**What the exercise asks**
Please restate word for word the lines of the entries below from the one with "Бирка с кнопкой" to the one with "İspanyol yırtmaçlı paça deri pantolon bej hn", inclusive, and leave out every picture.

**Records supplied**
--------------------------------

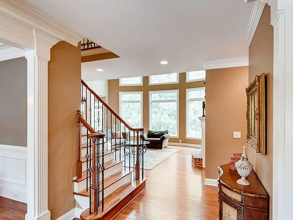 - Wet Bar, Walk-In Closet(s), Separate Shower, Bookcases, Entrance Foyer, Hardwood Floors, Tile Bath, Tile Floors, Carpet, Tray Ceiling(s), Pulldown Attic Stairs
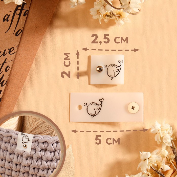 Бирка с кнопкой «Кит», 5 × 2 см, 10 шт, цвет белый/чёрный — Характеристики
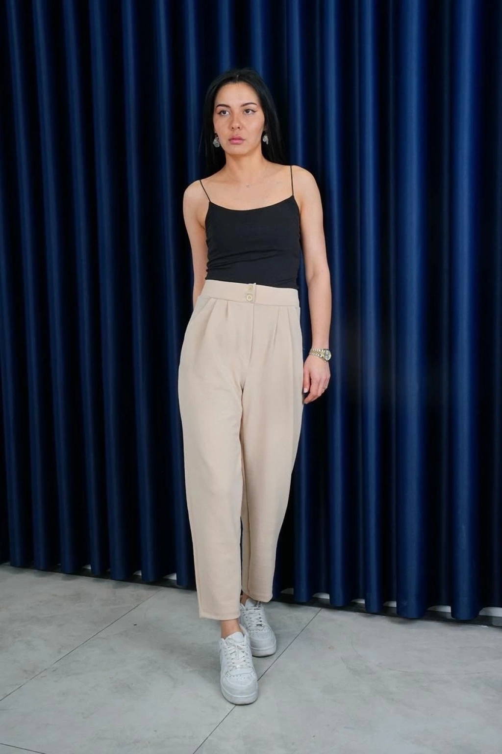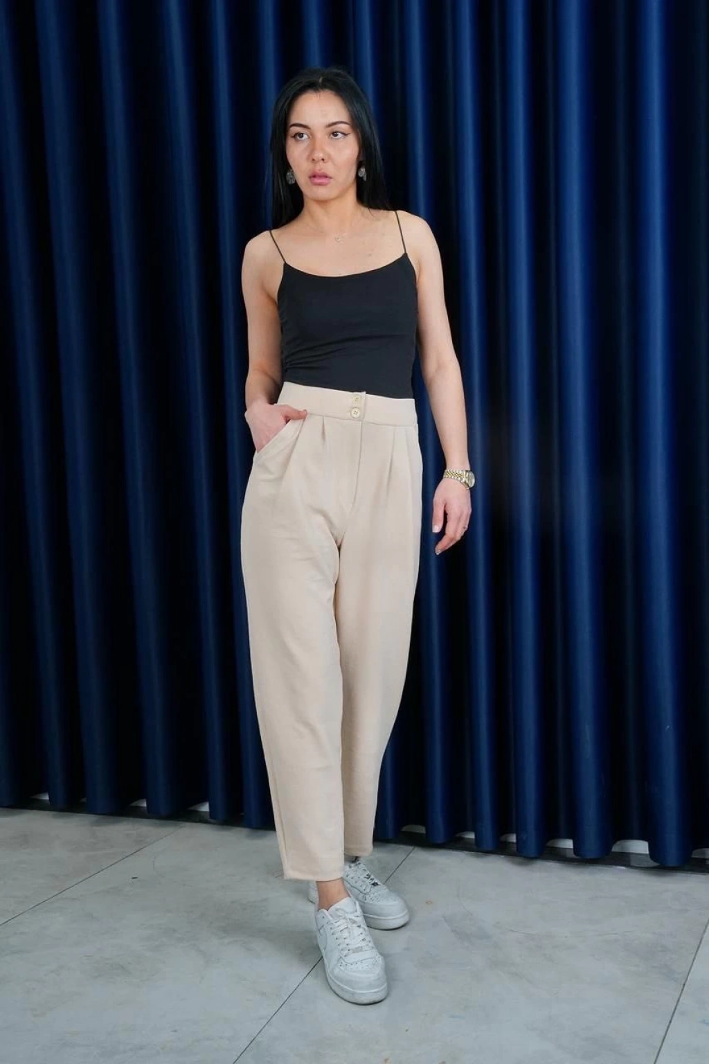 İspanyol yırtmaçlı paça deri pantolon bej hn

--------------------------------

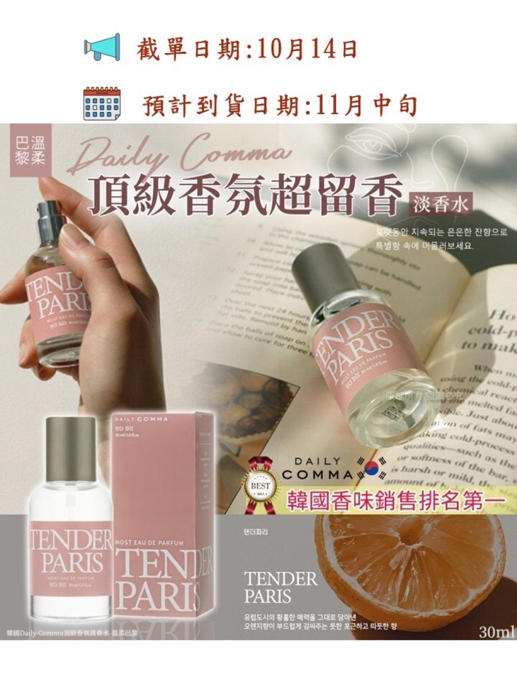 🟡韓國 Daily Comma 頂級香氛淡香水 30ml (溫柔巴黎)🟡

--------------------------------

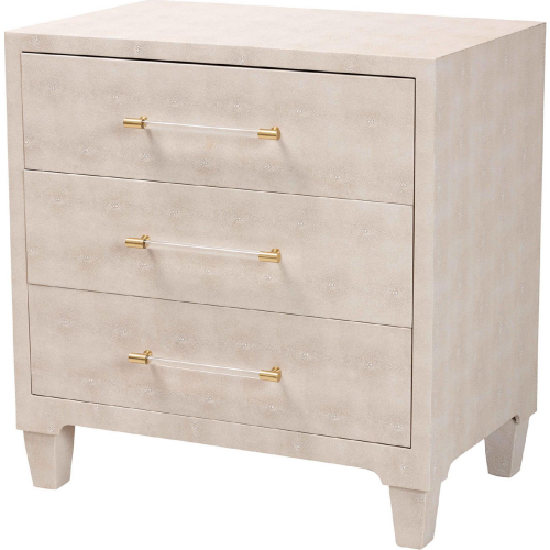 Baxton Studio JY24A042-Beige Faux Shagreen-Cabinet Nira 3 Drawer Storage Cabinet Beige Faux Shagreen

--------------------------------

**Reply to the exercise**
 Бирка с кнопкой «Кит», 5 × 2 см, 10 шт, цвет белый/чёрный — Характеристики
 İspanyol yırtmaçlı paça deri pantolon bej hn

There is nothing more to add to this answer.